The high-performance digitally connected end of the market while growing rapidly is still dwarfed by the traditional traditional TV consumer. According to TAM Ireland 91% of the average twenty-five hours per week of TV watched by Irish viewers is live – that is watched as broadcast on the schedule. The balance of just 9% is either via personal video recording(PVR) devices or on connected devices via online players.

So according to TAM the outlook is bountiful for our conventional TV broadcasters with the amount of TV being watched by Irish viewers increasing by an average of eight minutes per day between 2010 and 2012. But valid questions are being asked elsewhere about the Nielsen Television Audience Measurement system which measures 40% of the world’s TV viewing behaviour across five continents and has been providing the ratings measurement service in Ireland since 1996.

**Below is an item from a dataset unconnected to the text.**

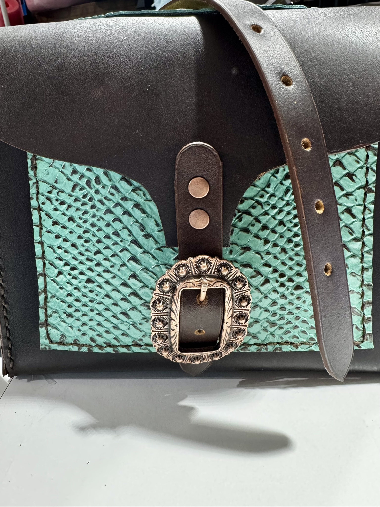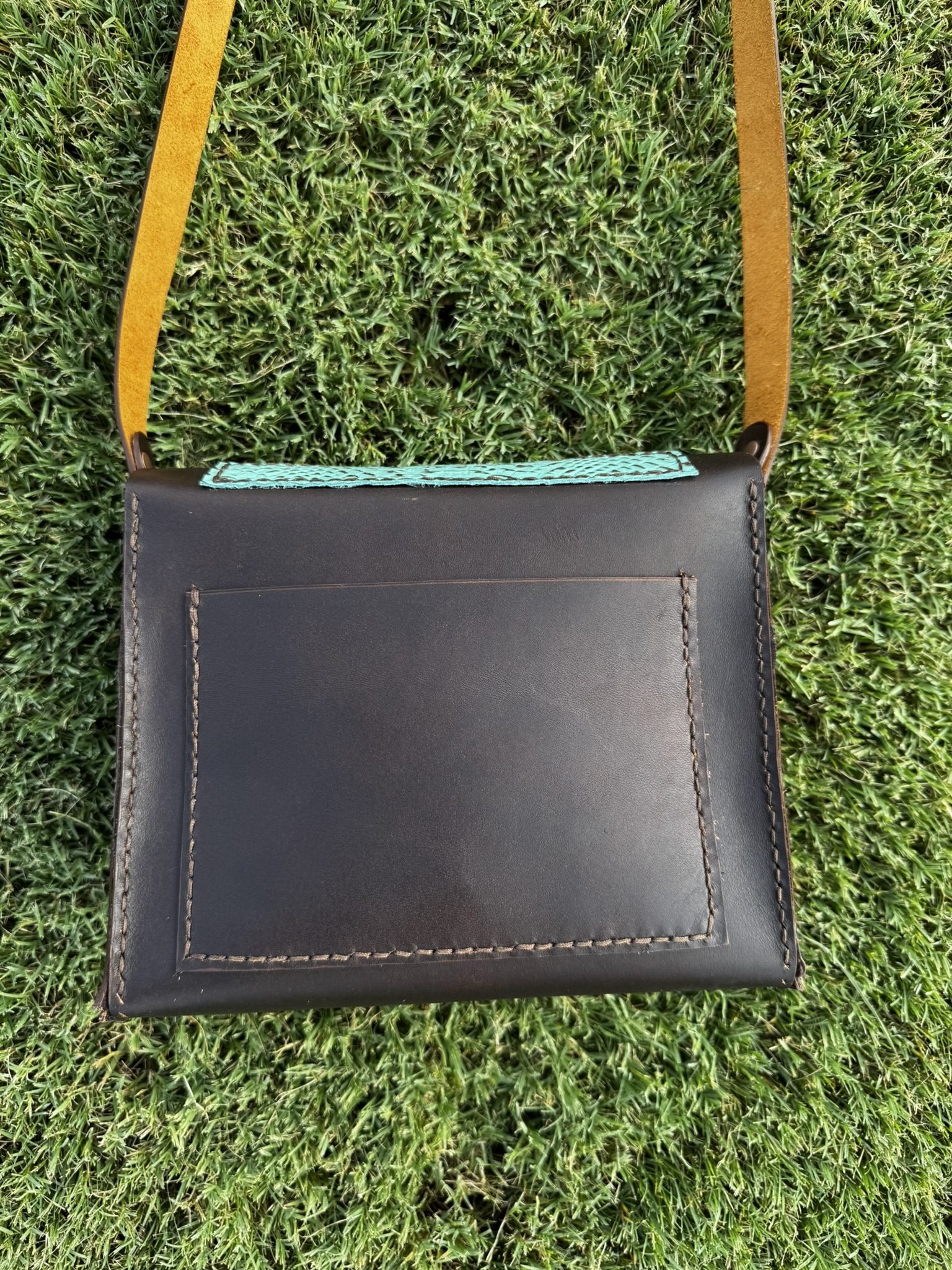 The awesome interior contains a zippered pocket, pen pouch and a lipstick pouch – no more errant lipstick caps and melted messes! The secure buckle closure is perfect for keeping unwanted hands from stealing items out of your purse, while the phone pocket in the back keeps your phone handily against your body. Shoulder strap is adjustable and measures 41-46 inches. The dark brown leather has a high wax and oil content; this keeps the leather looking beautiful longer. Occasionally some of the waxes may solidify outside the leather. This can be removed by using a soft bristled brush or a little bit of heat from a blow dryer.

Nielsen ratings are based on a sampling method developed in the 1950s which relies in Ireland on monitoring the TV viewing habits of 1,050 households with a device called the people meter installed in each home on the viewing panel. Each people meter is connected by telephone and is auto-dialled by Nielsen central each morning to access the record of the previous evening’s viewing. But it is not just that the people meter sounds like a dated sci-fi piece of kit. In the US Nielsen’s recent decision to add 160 homes to the 22,000 Nielsen TV monitored households – from which to measure Internet-delivered content but not before next September has been widely derided as too little too late.

When Nielsen reported that President Barack Obama’s 2013 State of the Union address had the smallest TV audience for the annual speech since 1990, it was the Nielsen report and its lack of credibility which became the news story. Google and Facebook analytics are now providing advertisers with far more accurate and detailed feedback on campaign reach and performance than can be gleaned from the audience figures generated by the Nielsen sampling method.

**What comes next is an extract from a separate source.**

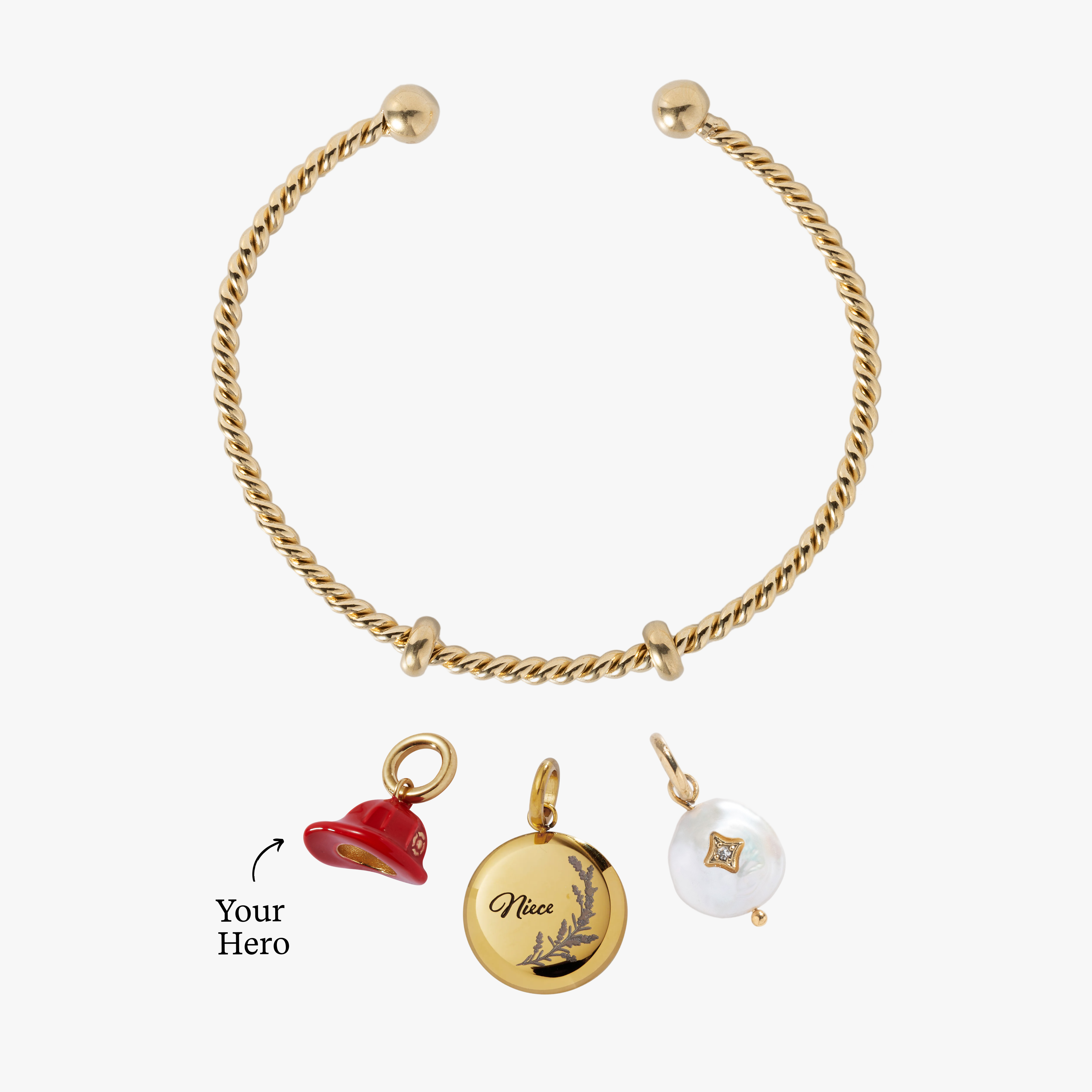 For the bold, the brave, and the ones who run toward the heat—this charm stack honors real-life heroes with a firefighter hat, pearl accent, and elongated family bar charm. Comes with a French Rope Charm Bracelet Cuff, free with your bundle.

But Nielsen is fighting back with tie-ins with twitter to get a measure of social network activity surrounding a programme and the purchase of a company called SocialGuide which professes to analyse “the social impact of linear television”. We will see by the end of their current Irish contract in 2017 whether TAM Nielsen can rediscover the kind of market-relevance and credibility which will take them back from the brink of extinction.

There is one issue about which Nielsen is absolutely correct – our love of TV is as strong as it ever has been. In Ireland we are watching almost four hours of it a day. But every aspect of how we are watching it is changing.

As we watch TV over half of us are now also using a laptop, smart phone or other connected device to engage with each other and even with the programme makers. A full 40 percent of Twitter’s traffic during peak usage is about television. The 19-49 demographic ratings for a show more than doubles when viewership during the week following the show’s scheduled broadcast are included. We are increasingly choosing not just what to watch but where and when to watch it with little regard to to broadcast schedules.

It’s also where we get our TV. Cable TV and the internet are already travelling over the same pipes. The increasingly blurred distinction between the delivery systems is going to give rise to more so-called cord- cutters who abandon their subscriptions to cable or satellite to access TV directly and exclusively over the internet.

With the advent of fully-functioning online delivery of TV the regulatory walls built by national broadcasting legislators are no longer an effective bar to new entrants into the TV business. Similarly, national broadcast regulatory authorities such as our own Comreg are going to become increasingly irrelevant sideshows.

With BBC television centre about to become a hotel and apartment complex and our own Montrose increasingly taking on the appearance of a semi-abandoned car-park it can safely be said that all the comfortable old certainties of the television industry are well and truly gone. But change will come slowly.

The half a million people who watch the Late Late Show live on the TV in the corner of their living room at half nine every Friday night are not going anywhere in a hurry but they are indisputably a dying breed.